# Tax clock



## VinhoVerde (May 2, 2014)

Hi all, I'm planning to move to Pt next September from Canada, and need to apply for residency within 90 days of arrival, but don't know if that means that, for tax purposes, the 'tax' clock starts ticking from the date of arrival in Pt or from the date of application (which may be up to 90 days later). I'd like the 'tax' clock to start ticking on 1 January 2016. Any insights appreciated, thanks!


----------



## canoeman (Mar 3, 2011)

If your Canadian then *you need to apply* for Residency *before* leaving Canada and have it granted, if you are a EU citizen then it's 90 days but in that case it's *not* applying as it's a EU Citizen's right to live, work, study, retire in any EU country *but registering* your Residence.

Portugal Tax year is Jan to December you are considered a Tax Resident once you take up Residence, whether you have to file a return for Sept to Dec 2015 depends on a number of factors
Employed or self employed yes 
Living of savings no
Retired with a Pension possibly


----------



## VinhoVerde (May 2, 2014)

Appreciated, thank you, but when applying locally, the consulate gave me an information sheet saying that I should apply **in Portugal** within 4 months of arrival. It may well be that differences exist at local/national levels and differ also depending where you originate from outside Schengen. 

The question, more exactly, is when "taking up residence" starts: when entering Pt or when submitting an application for residency? I realize this question may be unanswerable given the uncertainty about how to apply, unless someone has experience of this exact situation.


----------



## canoeman (Mar 3, 2011)

Consulate has given you bum information, unless there has been a recent change in Law which I don't believe to be the case, plenty of recent posts on subject, a non EU Citizen must apply for a Residence Visa and have it granted *before* relocating to Portugal, it cannot be done in Portugal

This is Portugal's US Embassy site, and applies equally to Canadian Citizens and clearly states what you are reguired to do Residency Visa

*Take note of *
Types I & II 

Completed applications with all required documentation (see attached table) must be submitted to the nearest Portuguese Consulate for processing. The application is then forwarded to the “Serviço de Estrangeiros e Fronteiras” in Portugal for consideration. *Applicants may relocate to Portugal ONLY after they have secured the proper visa.*

Residency starts when you arrive with correct Visa and register with SEF


----------



## bom dia lisbon (Aug 8, 2013)

Best to consult an accountant regarding your particular issue, but I find that the following site consistently provides good information:

Income Tax in Portugal | Portugal

To clarify the residency visa/permit issue, you apply for a residency visa from your home country. It is simply a visa, a sticker that attaches to a page in your passport that allows you to enter Portugal for the purposes of applying for residency, and is valid for four months. 

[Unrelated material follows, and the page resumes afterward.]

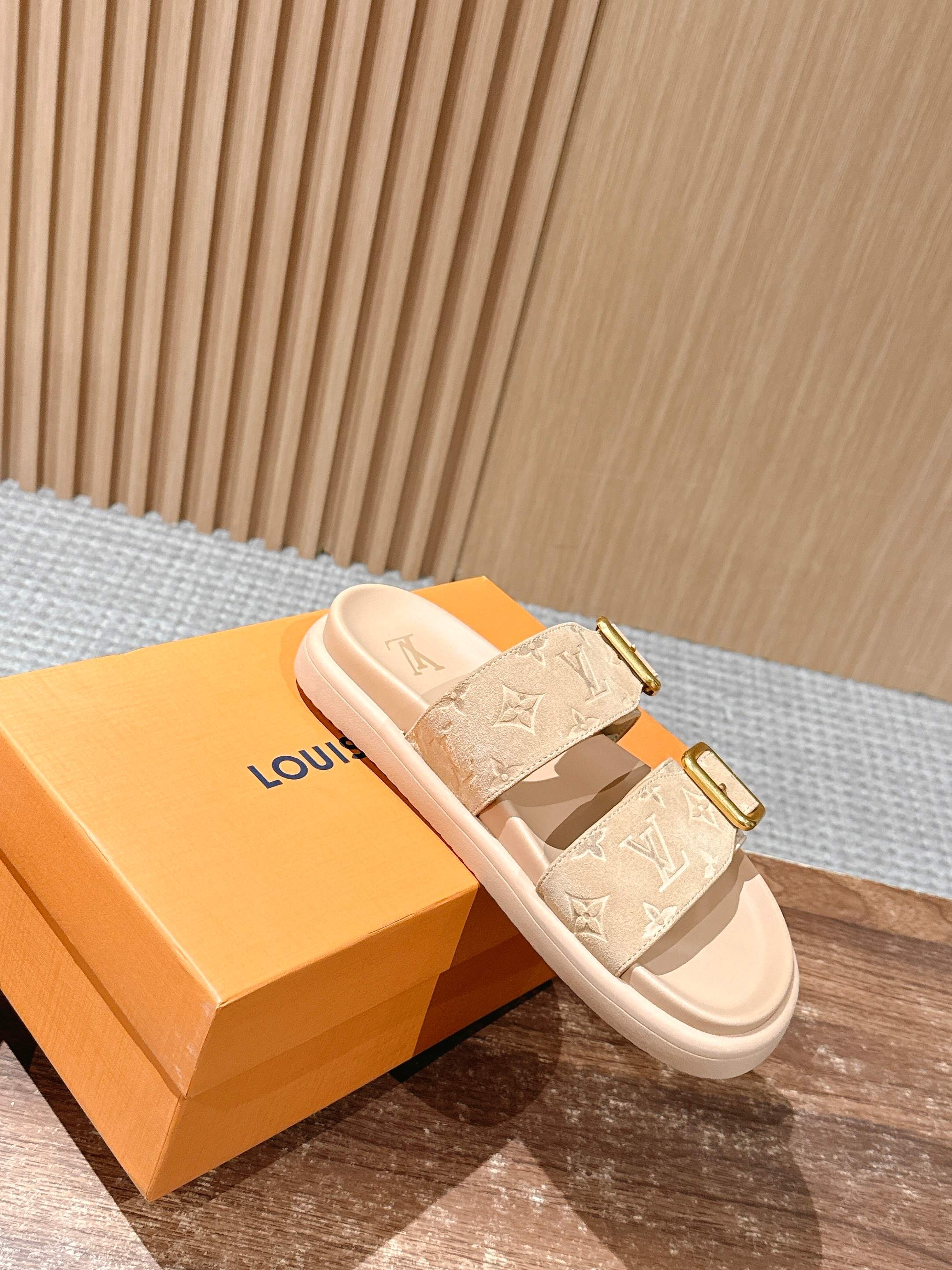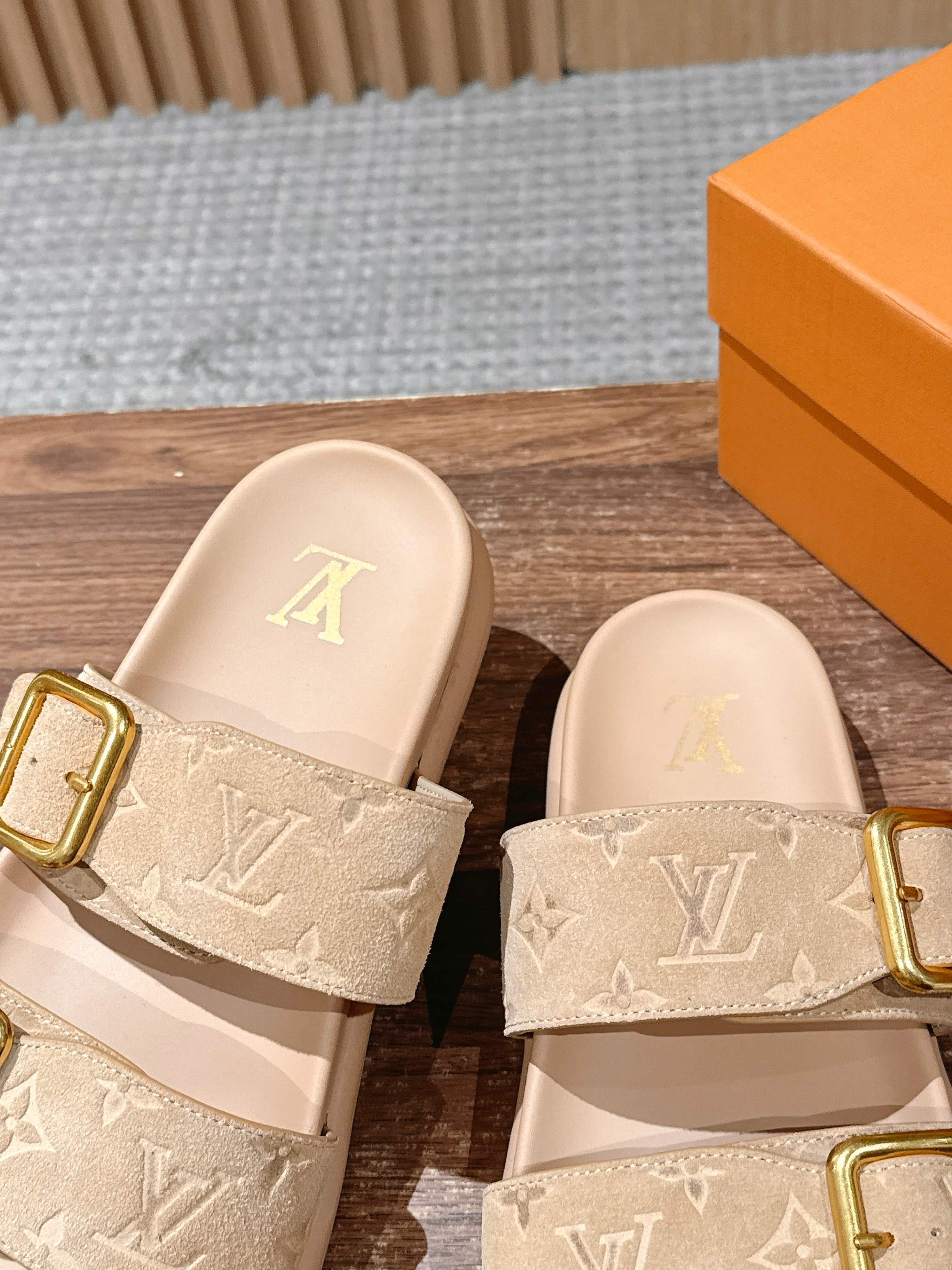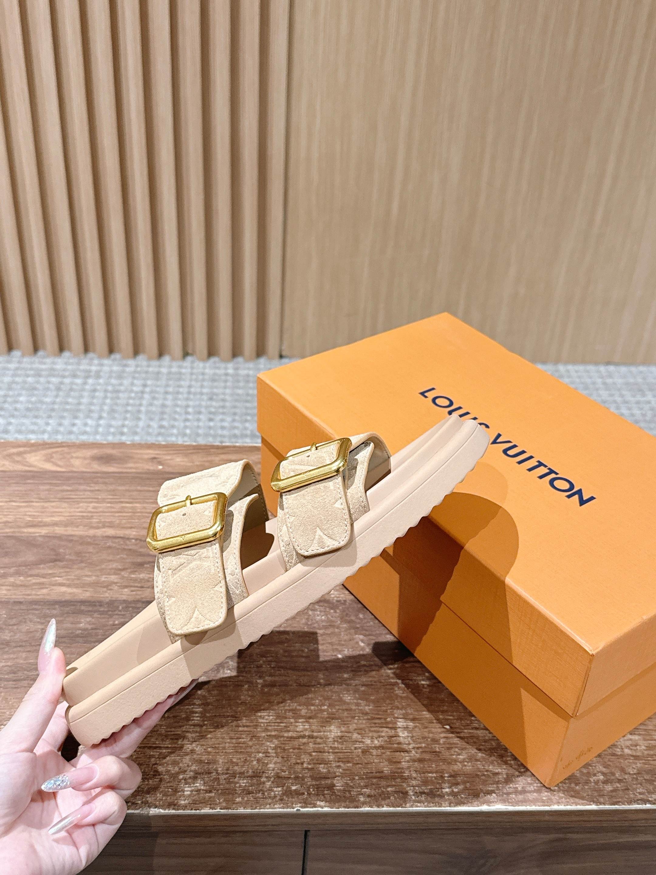 [Top Version] Louis Vuitton# New Men's Sandals from LV, Exudes a Premium Feel! A style heavily featured by bloggers both domestically and internationally, retro and fashionable. Looks amazing on feet! Suede/Calfskin Monogram material, lambskin lining.

Once in Portugal, and during the period of visa validity, you must apply for a residency permit. It is a formal application process, differing from the registration process that EU citizens go through.

Good luck!


----------



## canoeman (Mar 3, 2011)

Yes a good site but although most of information accurate the percentages quoted aren't and haven't been updated for quite a while.

Can you confirm that the application for the Visa is as I've posted as your post sort of implies that it's far easier


----------



## bom dia lisbon (Aug 8, 2013)

Canoeman, your info is accurate  But just wanted to clarify that the Residency Visa, while an extremely extensive application process itself, is simply a "foot in the door" that allows you to apply for the actual Residency Permit in Portugal.


----------



## VinhoVerde (May 2, 2014)

Thanks to both for your help.


----------



## dstump (Apr 26, 2010)

Hi Vinhoverde, we will be moving to PT in May 2015 and have been discussing our tax situation with an accountant at PwC in Lisbon, here is an extract from his most recent mail to us, sent at the back end of November. It may well provide you with your answer.

_“In addition, under the Portuguese Personal Income tax reform, which should be in force in 2015, the split year approach will also be possible, as the criteria of Residency will change and establish that a person is deemed to be tax resident in Portugal since the first day of arrival to Portugal and onward, and not for the whole year. In this sense, under this new criterion that should be approved at the end of this year, you will qualify as Portuguese tax resident since the day you arrive.”_


----------



## VinhoVerde (May 2, 2014)

Thank you! The situation seems quite fluid in that PT law seems to change regularly! Will have to figure out my time of arrival carefully as I don't want to deal with a split year, if possible.


----------